I think a reasonable thing for us would be 20 opportunities, for our youth to have really more of an intensive experience in this. We also want people to be advocates for our mission. So we want people to be active in the policy area- supporting legislation and policy which helps young people be safe and have opportunities.
Of course, we’re also looking for volunteers. We’re right in the middle of developing our capacity of our volunteer program. We want volunteers to have a meaningful experience, and for the young people to have consistent volunteers. The thing we don’t want is for young people to get a mentor for instance, and for it to be a short term proposition and the person goes away. Because that’s repeating the experience they had in their families. So we want to find and train really good volunteers, to be mentors for a significant amount of time.

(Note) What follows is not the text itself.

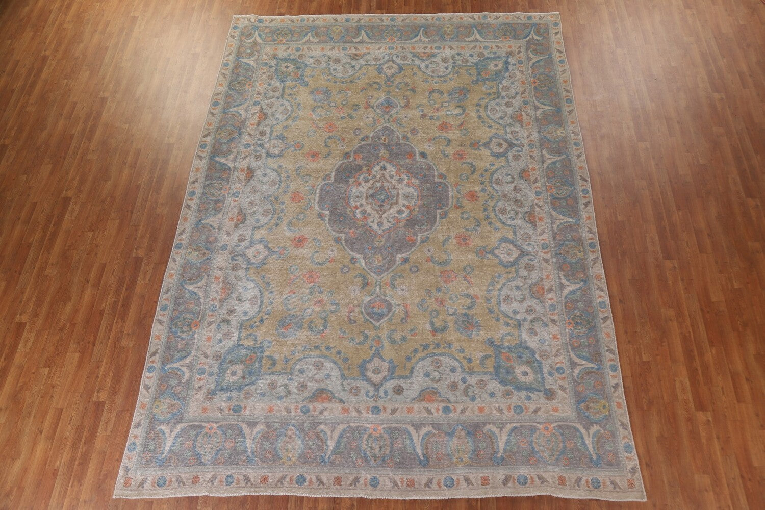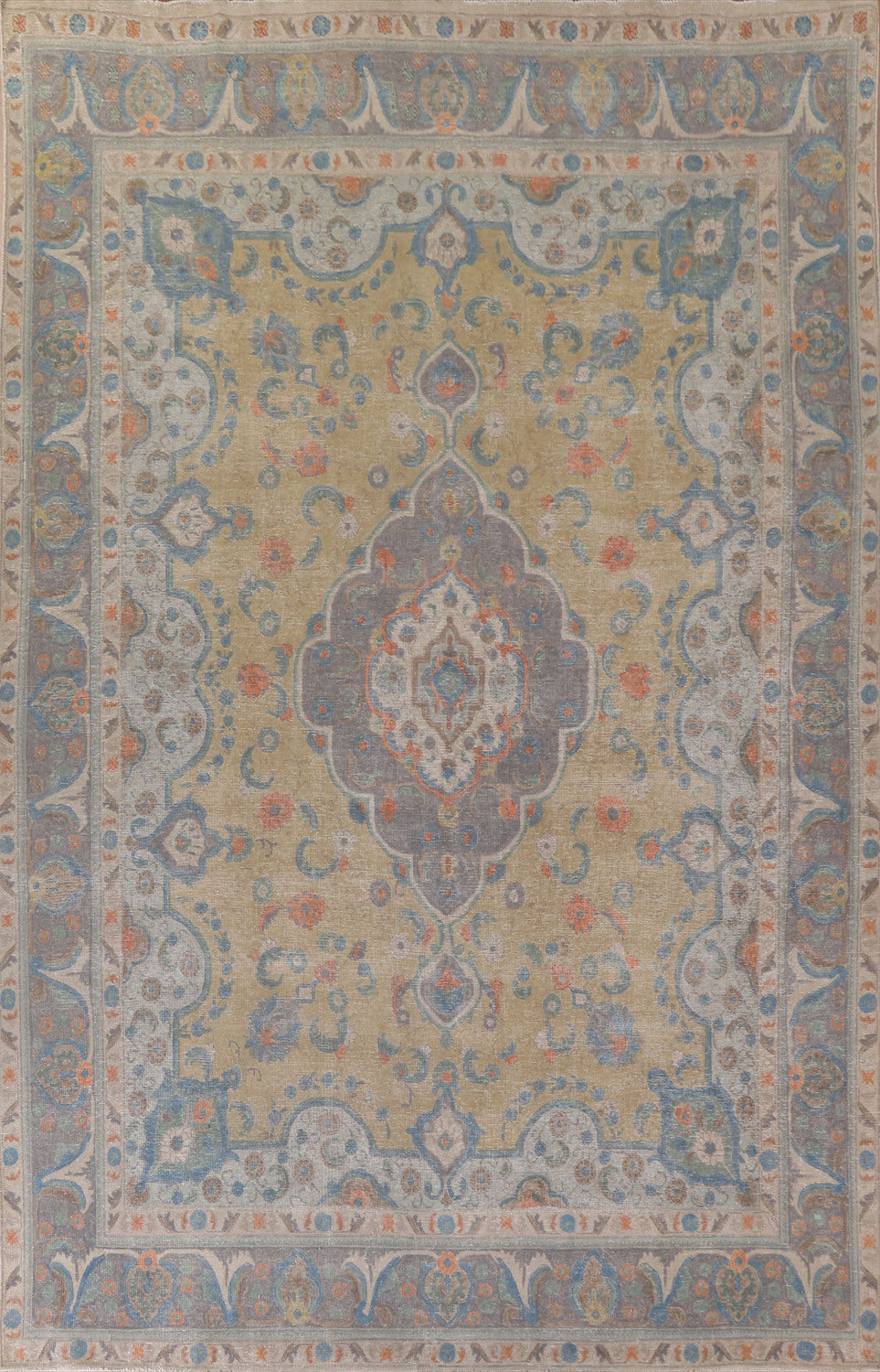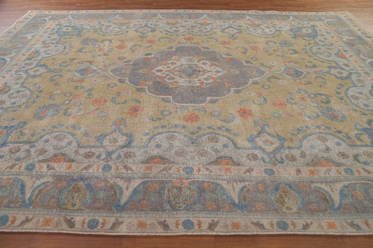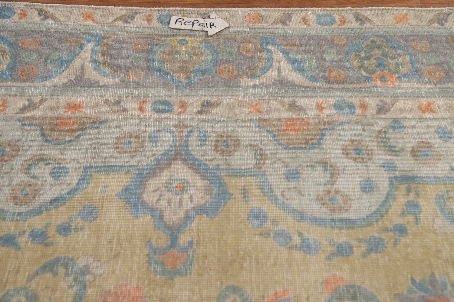 A Beautiful Genuine Persia ( Persia ) Tabriz rug is Hand Knotted by skillful weavers in Persia ( Persia ) with 100% Wool Material. This rug is in Very Good ( Evenly Low Pile-Repair) condition. dimensions are 12' 11'' X 9' 6'' in foot and 394 X 290 in centimeter. the primary color is Yellow & Gold.

And finally, you can get involved with financial support. There are so many ways to do that, but I think one of the ways we want to grow most is for people to come, learn about our organization, meet our kids, so that they can really see if this is the right type of investment they want to make, and of course take next steps if they want to.
What is your favorite Smithsonian museum?
The Natural History Museum. I especially like their dioramas!
What was the last book you read? Favorite movie?
I read books all the time. The best recent book I read is Big Rock Candy Mountain by William Styron. Styron was famous in the middle part of the century, and it’s a semi-autobiographical story about a family that travels all across the US, and all the things that happened to them, and it depicted a swath of time in US history that I found fascinating- the Western migration.
One last question, when you were little, what did you dream of doing when you grew up? Did you ever imagine yourself working in the non-profit space, and helping others in especially difficult circumstances?
I wanted to be a cowboy. And I almost became one. I was in Wyoming during my college summers working at a ranch camp, and after my final year I got a job on a ranch right at the end of the season. So I actually had my own horse and a truck, and I was mostly irrigating- I wasn’t punching cattle- but I was pretty close to being a cowboy. I got to pretend I was one. But after failing as a cowboy I was thinking maybe I want to be a farrier- a person who does horseshoeing for horses- but I didn’t go to school for it. There was a cool school in Bishop, California that I almost went to to become a farrier, but then after that I went to San Francisco, and that’s when I realized I wanted to start working with homeless youth and people that had limited access to healthcare.